Le cap Pilares, promontoire de la Terre de Désolation, est un affreux et stérile rocher propre à jeter la tristesse et l’effroi dans l’âme du navigateur qui ne serait pas déjà familiarisé avec de pareils spectacles.

Fond de la rivière de Gennes. — Dessin de E. de Bérard d’après l’atlas de Dumont d’Urville.

Nous mouillâmes au havre Mercy, sur cette Terre de Désolation qui n’a point usurpé son lugubre titre, au pied d’une montagne décharnée d’un millier de mètres de hauteur.
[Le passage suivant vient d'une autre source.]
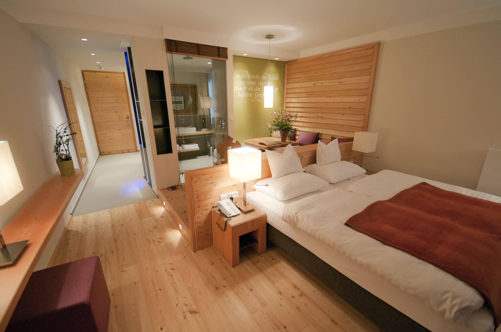Die Natur hat ihren ureigenen Herzschlag. Er pocht im Rhythmus der Jahreszeiten oder zeigt sich im Rauschen des Windes. Im Bio-Wellness-Hotel Holzleiten ist dieser Herzschlag ständig spürbar. Das Viersternehaus ist die architektonisch realisierte Liebeserklärung an das edelste Nadelgehölz der Alpen – die Lärche, die hier am Mieminger Plateau, dem größten Lärchenschutzgebiet Europas, in weitläufigen Wäldern ihre Heimat gefunden hat. Die kraftvolle Energie dieses Baumes, dessen Harz seit Jahrhunderten als Heilmittel verwendet wird, findet ihre geniale Entsprechung in unzähligen gestalterischen Elementen und Details im Inneren des Hauses – von der Lobby über das Alpenlarch Spa und die Fitnessräume bis hin zu den 41 Zimmern und Suiten mit Balkon und Gipfelblick.
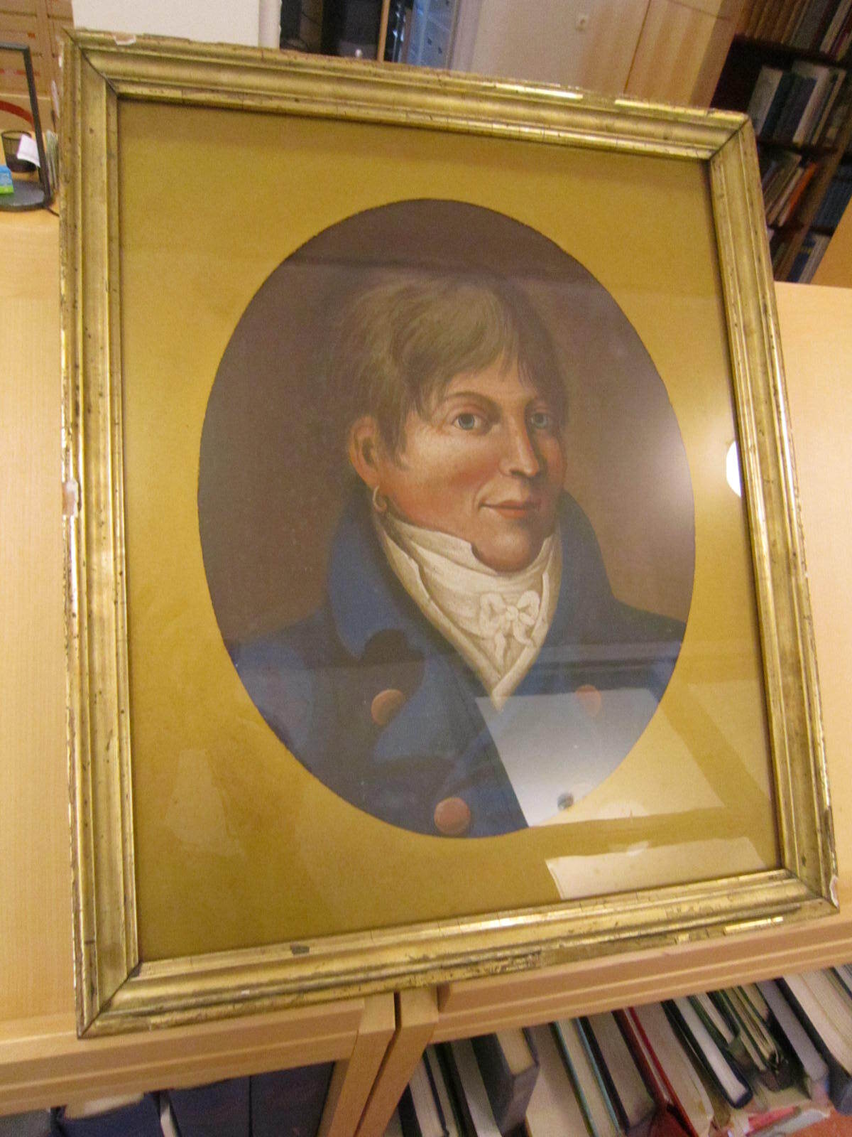 Gouacheporträtt av Eduard Ludendorff (1790–1824). Trekvartsprofil från höger. Ludendorff bär en blå rock och har en ring i höger öra. Porträttet är målat 1821 av Bengt Frökenberg (1776–1845) dekorationsmålare och rådman i Linköping.

Notre mouillage fut signalé ou accompagné par un de ces phénomènes atmosphériques si fréquents dans le détroit et si féconds en naufrages. Suivant la position que nous occupions par rapport aux terres voisines, suivant des changements difficiles à calculer dans la direction des courants atmosphériques sous l’influence de causes diverses (échange d’atmosphère terrestre et marine, décomposition du courant fluide par la disposition et l’inclinaison variable des terres) nous avions à essuyer alternativement et brusquement des bouffées furibondes de tous les points du compas et des calmes plats. On comprend dans quelle périlleuse position se fût trouvé un navire à voile à notre place ! Là n’était pas le seul embarras, les approches du havre Mercy sont, du moins à cette époque de l’année, parsemées de grands bancs de fucus, véritables

  1. Dans une discussion académique, Arago, critiquant les appréciations de Dumont d’Urville qui prétendait avoir vu des vagues de vingt-sept à trente-trois mètres de hauteur, considérait une hauteur de six à huit mètres comme le maximum que les vagues pussent atteindre. Il est fort possible que les appréciations de Dumont d’Urville soient entachées d’exagération, mais il est certain pour moi, et je crois que mes compagnons de voyage partagent cette opinion, qu’Arago est resté bien au-dessous de la vérité.